[Data extracted from a collection]

=-=-=-=-=

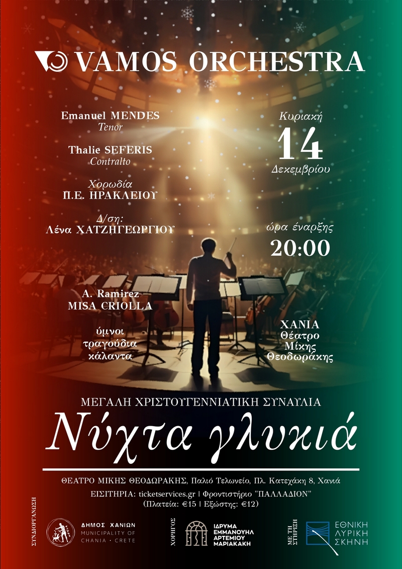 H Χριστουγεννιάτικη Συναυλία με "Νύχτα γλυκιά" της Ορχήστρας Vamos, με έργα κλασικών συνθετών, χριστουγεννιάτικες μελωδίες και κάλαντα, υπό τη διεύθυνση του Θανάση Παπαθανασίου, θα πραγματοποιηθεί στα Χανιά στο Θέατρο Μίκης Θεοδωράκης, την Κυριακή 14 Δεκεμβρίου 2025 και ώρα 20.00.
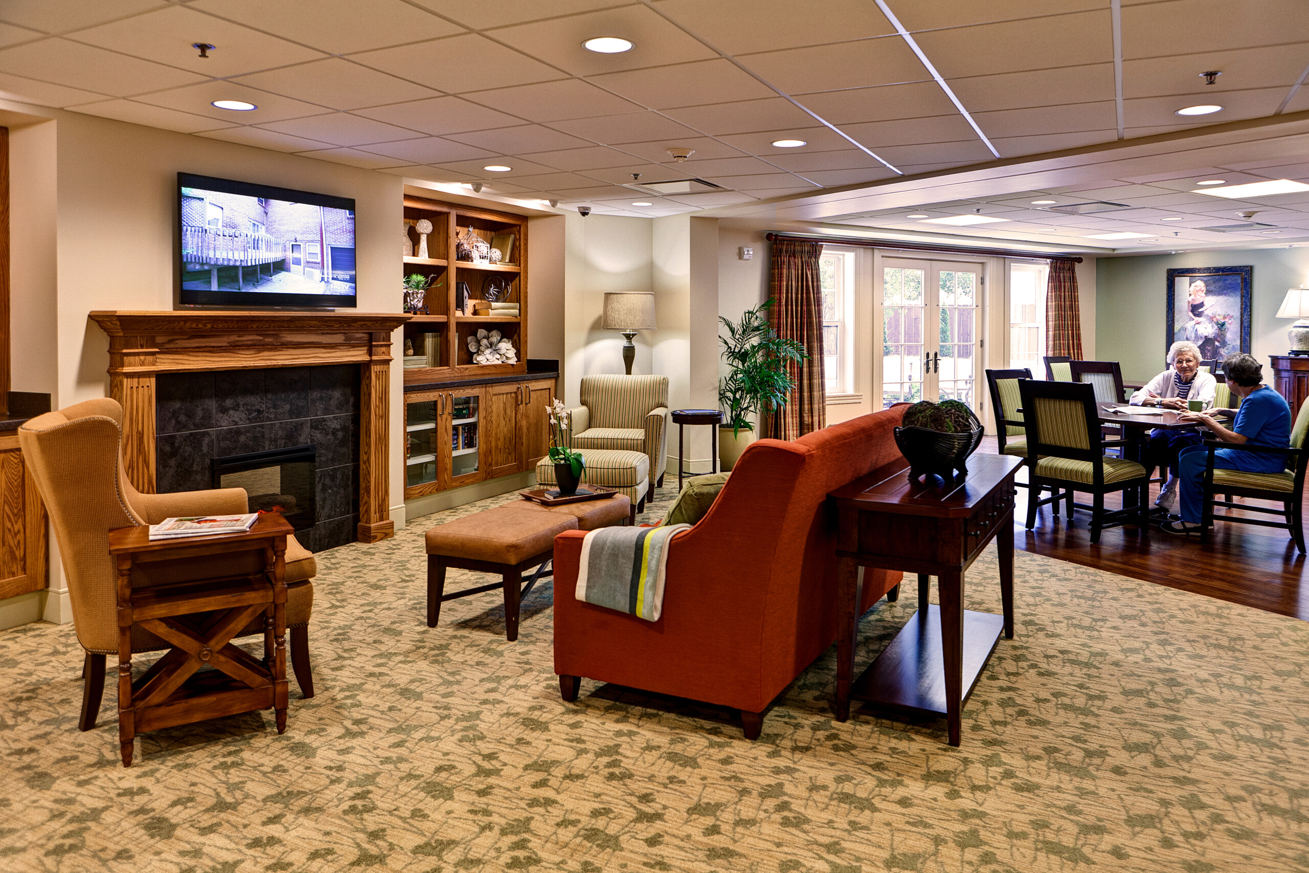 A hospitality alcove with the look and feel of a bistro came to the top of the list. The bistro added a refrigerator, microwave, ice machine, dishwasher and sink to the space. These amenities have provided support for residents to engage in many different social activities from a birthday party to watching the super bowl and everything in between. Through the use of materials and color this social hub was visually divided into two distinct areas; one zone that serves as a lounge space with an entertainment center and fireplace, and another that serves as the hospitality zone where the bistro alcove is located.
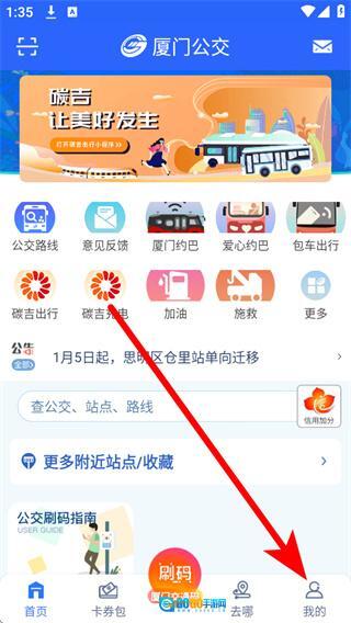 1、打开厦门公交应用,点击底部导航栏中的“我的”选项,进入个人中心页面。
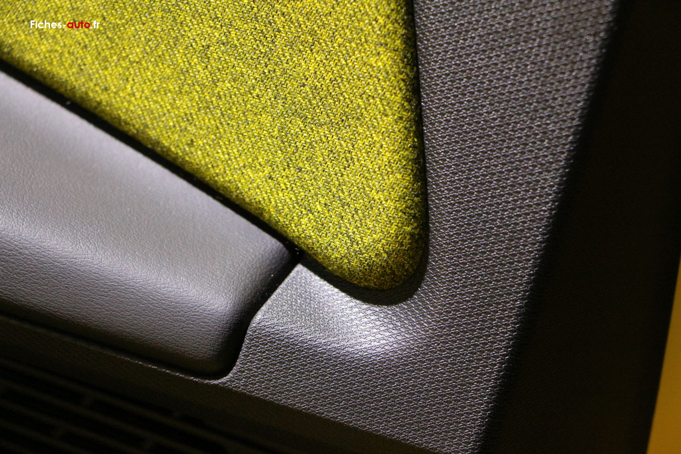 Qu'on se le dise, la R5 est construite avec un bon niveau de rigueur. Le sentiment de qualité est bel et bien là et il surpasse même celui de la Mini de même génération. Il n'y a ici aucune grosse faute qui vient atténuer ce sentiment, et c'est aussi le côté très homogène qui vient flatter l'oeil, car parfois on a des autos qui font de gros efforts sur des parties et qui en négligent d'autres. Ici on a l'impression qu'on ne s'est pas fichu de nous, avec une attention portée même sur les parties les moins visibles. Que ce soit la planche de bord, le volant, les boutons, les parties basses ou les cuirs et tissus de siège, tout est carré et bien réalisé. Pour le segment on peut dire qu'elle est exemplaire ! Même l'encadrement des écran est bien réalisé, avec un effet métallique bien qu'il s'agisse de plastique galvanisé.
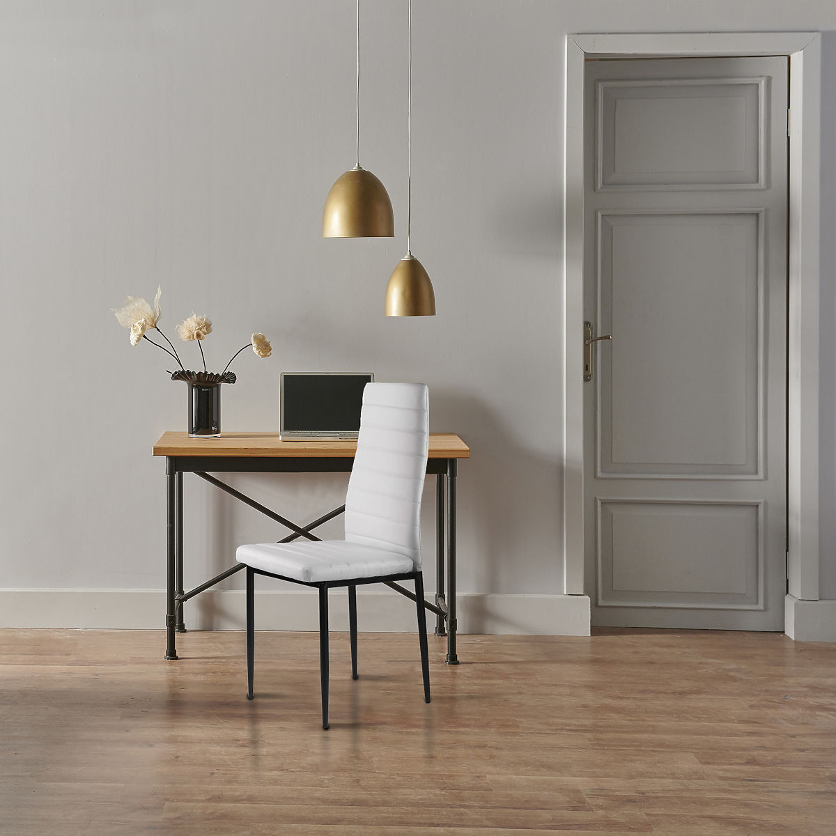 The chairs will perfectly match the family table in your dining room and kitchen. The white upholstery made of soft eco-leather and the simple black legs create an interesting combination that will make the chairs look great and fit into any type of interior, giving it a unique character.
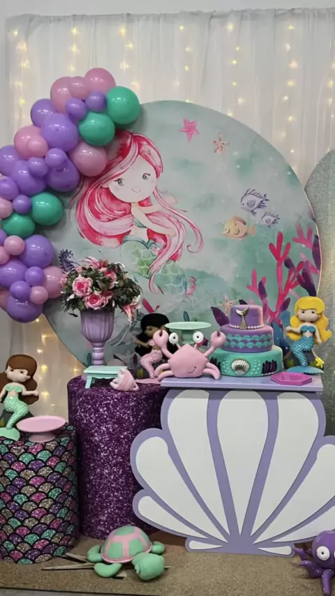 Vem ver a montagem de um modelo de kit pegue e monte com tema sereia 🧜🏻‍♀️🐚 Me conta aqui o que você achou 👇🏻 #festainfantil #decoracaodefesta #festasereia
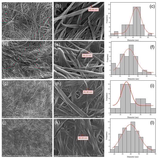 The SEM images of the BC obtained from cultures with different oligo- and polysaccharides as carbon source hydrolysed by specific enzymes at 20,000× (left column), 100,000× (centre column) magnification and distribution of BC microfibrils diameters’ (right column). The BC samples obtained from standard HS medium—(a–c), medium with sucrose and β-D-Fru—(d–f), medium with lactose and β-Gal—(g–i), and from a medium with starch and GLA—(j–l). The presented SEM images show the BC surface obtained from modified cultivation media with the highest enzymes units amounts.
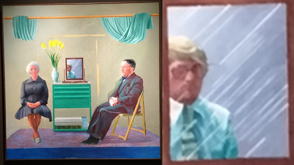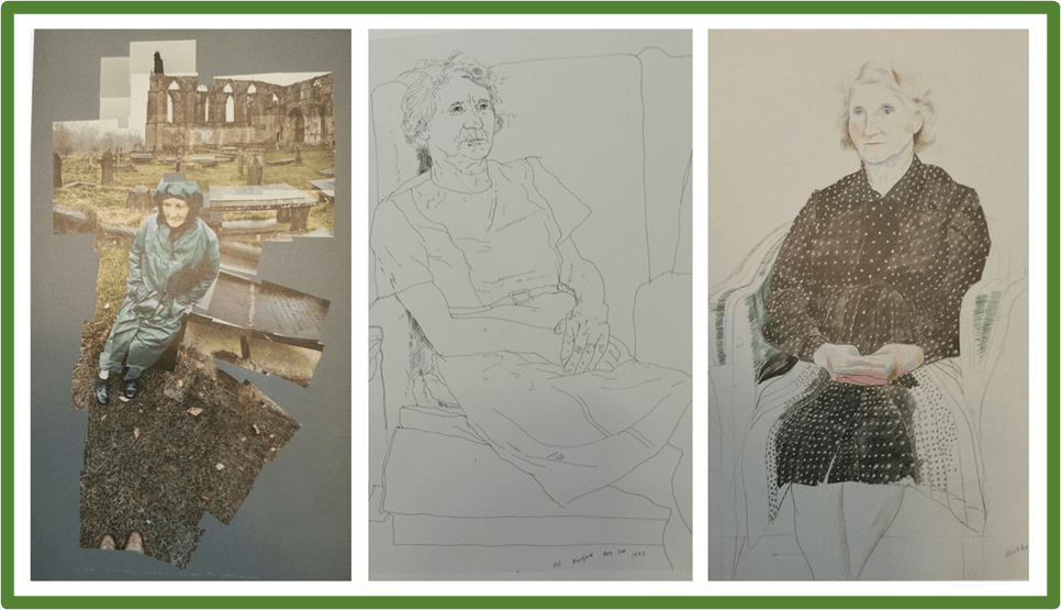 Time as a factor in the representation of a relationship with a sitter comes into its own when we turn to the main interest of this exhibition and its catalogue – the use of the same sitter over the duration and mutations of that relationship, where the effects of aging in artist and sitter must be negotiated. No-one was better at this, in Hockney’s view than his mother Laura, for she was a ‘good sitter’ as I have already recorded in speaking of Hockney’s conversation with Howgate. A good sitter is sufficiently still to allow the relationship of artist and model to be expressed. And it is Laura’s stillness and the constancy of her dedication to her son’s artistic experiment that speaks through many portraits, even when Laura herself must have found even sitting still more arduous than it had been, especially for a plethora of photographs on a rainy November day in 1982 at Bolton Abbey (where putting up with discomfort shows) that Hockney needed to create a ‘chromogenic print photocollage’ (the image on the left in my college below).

=-=-=-=-=

An exact transcription of the records above is needed, with no pictures included.

 H Χριστουγεννιάτικη Συναυλία με "Νύχτα γλυκιά" της Ορχήστρας Vamos, με έργα κλασικών συνθετών, χριστουγεννιάτικες μελωδίες και κάλαντα, υπό τη διεύθυνση του Θανάση Παπαθανασίου, θα πραγματοποιηθεί στα Χανιά στο Θέατρο Μίκης Θεοδωράκης, την Κυριακή 14 Δεκεμβρίου 2025 και ώρα 20.00.
 A hospitality alcove with the look and feel of a bistro came to the top of the list. The bistro added a refrigerator, microwave, ice machine, dishwasher and sink to the space. These amenities have provided support for residents to engage in many different social activities from a birthday party to watching the super bowl and everything in between. Through the use of materials and color this social hub was visually divided into two distinct areas; one zone that serves as a lounge space with an entertainment center and fireplace, and another that serves as the hospitality zone where the bistro alcove is located.
 1、打开厦门公交应用,点击底部导航栏中的“我的”选项,进入个人中心页面。
 Qu'on se le dise, la R5 est construite avec un bon niveau de rigueur. Le sentiment de qualité est bel et bien là et il surpasse même celui de la Mini de même génération. Il n'y a ici aucune grosse faute qui vient atténuer ce sentiment, et c'est aussi le côté très homogène qui vient flatter l'oeil, car parfois on a des autos qui font de gros efforts sur des parties et qui en négligent d'autres. Ici on a l'impression qu'on ne s'est pas fichu de nous, avec une attention portée même sur les parties les moins visibles. Que ce soit la planche de bord, le volant, les boutons, les parties basses ou les cuirs et tissus de siège, tout est carré et bien réalisé. Pour le segment on peut dire qu'elle est exemplaire ! Même l'encadrement des écran est bien réalisé, avec un effet métallique bien qu'il s'agisse de plastique galvanisé.
 The chairs will perfectly match the family table in your dining room and kitchen. The white upholstery made of soft eco-leather and the simple black legs create an interesting combination that will make the chairs look great and fit into any type of interior, giving it a unique character.
 Vem ver a montagem de um modelo de kit pegue e monte com tema sereia 🧜🏻‍♀️🐚 Me conta aqui o que você achou 👇🏻 #festainfantil #decoracaodefesta #festasereia
 The SEM images of the BC obtained from cultures with different oligo- and polysaccharides as carbon source hydrolysed by specific enzymes at 20,000× (left column), 100,000× (centre column) magnification and distribution of BC microfibrils diameters’ (right column). The BC samples obtained from standard HS medium—(a–c), medium with sucrose and β-D-Fru—(d–f), medium with lactose and β-Gal—(g–i), and from a medium with starch and GLA—(j–l). The presented SEM images show the BC surface obtained from modified cultivation media with the highest enzymes units amounts.
 Time as a factor in the representation of a relationship with a sitter comes into its own when we turn to the main interest of this exhibition and its catalogue – the use of the same sitter over the duration and mutations of that relationship, where the effects of aging in artist and sitter must be negotiated. No-one was better at this, in Hockney’s view than his mother Laura, for she was a ‘good sitter’ as I have already recorded in speaking of Hockney’s conversation with Howgate. A good sitter is sufficiently still to allow the relationship of artist and model to be expressed. And it is Laura’s stillness and the constancy of her dedication to her son’s artistic experiment that speaks through many portraits, even when Laura herself must have found even sitting still more arduous than it had been, especially for a plethora of photographs on a rainy November day in 1982 at Bolton Abbey (where putting up with discomfort shows) that Hockney needed to create a ‘chromogenic print photocollage’ (the image on the left in my college below).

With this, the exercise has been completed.